First I'd like to start by saying that I am 30 years old, and my husband Danny and I and have 3 children, two boys and one girl. Jeffrey is 8, Steven is 22 months, and Hannah Mae is 5 months. This is the story of Hannah's birth. I decided to write about only hers because hers was the only one that I was able to do without any pain medication. All of my labors and deliveries were approximately the same length of time, roughly 17 hours. With Jeffrey I went into labor on my own and had pitocin as the labor went on, and then morphine for pain. With Steven, I was induced 2 weeks early with prostaglandin gel due to high blood pressure, and was given fentanyl (sp?) for pain. Here is the story of Hannah Mae's birth.

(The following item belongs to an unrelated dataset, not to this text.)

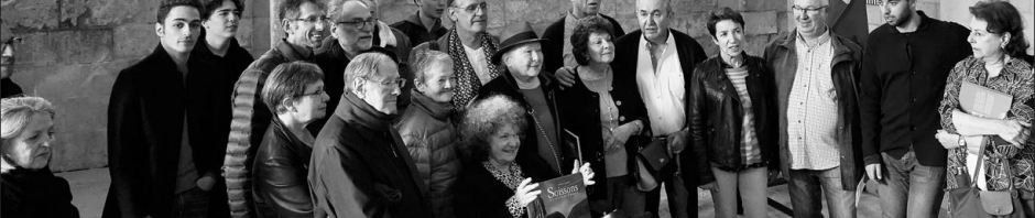 Cérémonie des Justes parmi les Nations dans la salle des fêtes de la mairie de Soissons le 7 avril 2013. Au premier plan, Galit et Lisette. Au bout du rang, Jean Laplace, le fils aîné de « Néné » qui reçut la médaille pour ses parents à titre posthume.

I was pregnant with my third child. My second ultrasound revealed that we were having a girl (finally!). We were ecstatic! What were we going to do with a little girl? All we had ever taken care of was little boys. My due date was July 21, 1996. On Thursday, July 25th I went to see my doctor and she told me that I was about 2 cm dilated but not thinned at all. She told me that she'd like to induce me soon since I was overdue and getting very big and uncomfortable. The beginning of the following week was out of the question as far as scheduling an induction because the birthing center where I go was all booked up with inductions (it's a small, very personal hospital). So she said that we could either wait another week, or we could do it tomorrow, meaning Friday the 26th. I took a deep breath and just as I was about to say "let's shoot for the end of next week" Danny blurted out "tomorrow!" I looked at him, then looked at my doctor and said "tomorrow? Well...yeah I guess I could have a baby tomorrow..." and then I really felt like passing out but instead I just sat on the table and shook like crazy! So tomorrow it was. I was still working so I had to go in and tell my boss I wouldn't be back for a while, and then go home and rest because I knew that tomorrow would be a L O N G day. Of course, I didn't get any sleep that night because my 17 month old was still waking up once a night, not to mention the fact that I was just really, really scared and nervous.

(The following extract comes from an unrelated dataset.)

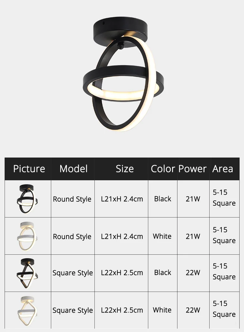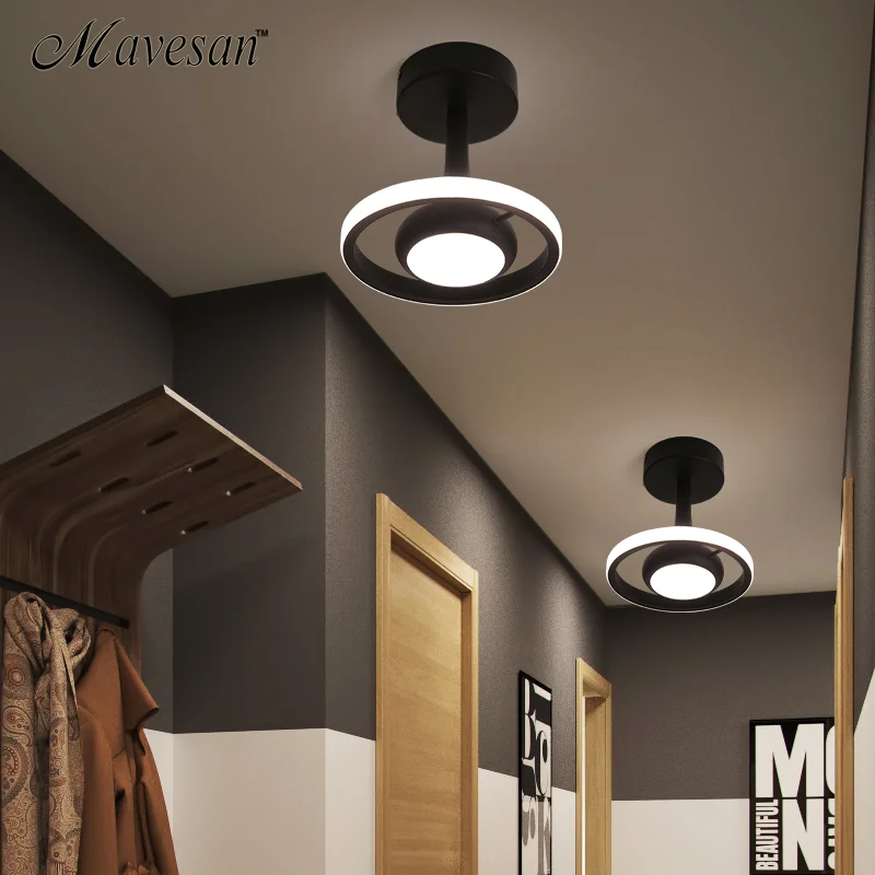 Современные светодиодные потолочные лампы для прохода балкона, светильник для прихожей, прихожей, белый и черный цвета, поверхностное крепление, потолочный светильник, AC85-265

At 7:30 Friday morning when Danny got home from work, we dropped the boys off at his mother's and headed for the hospital. One of the nurses showed me to my room and I was VERY glad to see that the bathroom had a nice big bathtub. I wanted to try laboring in warm water this time, which I was not able to do the other two times because I didn't have the room with the tub. The nurse explained to me what was going to happen that day and had me sign some forms. She then had me get undressed, put on a hospital gown and robe, and hooked me up to the external fetal monitor. This whole time Danny was seated beside my bed in a rocking chair looking very nervous. He works nights and had worked the night before so he was very tired.

After about an hour on the monitor and showing no signs of any contractions, my doctor decided it was time to insert the IV hookup, which they did. The monitor did show that the baby's heartbeat was strong and healthy. My doctor then told me that the gel was "thawing" and that she would be back in a little while to insert it. I thought ... "thawing"?? EEECK! I had been induced once before with this miraculous blue "Smurf" gel, but never knew they kept it frozen. After what seemed like an eternity, my doctor came back in, checked my vitals, read the monitor strip one more time, and inserted the gel. I had to lie on my back in bed for an hour to let the gel "set". I could get up and walk around after that. About 15 minutes after the insertion of the gel I started having little pains and contractions. Nothing really big, just pains that felt like gas pains. I was excited and scared at the same time because having been through this twice before, I knew EXACTLY what to expect.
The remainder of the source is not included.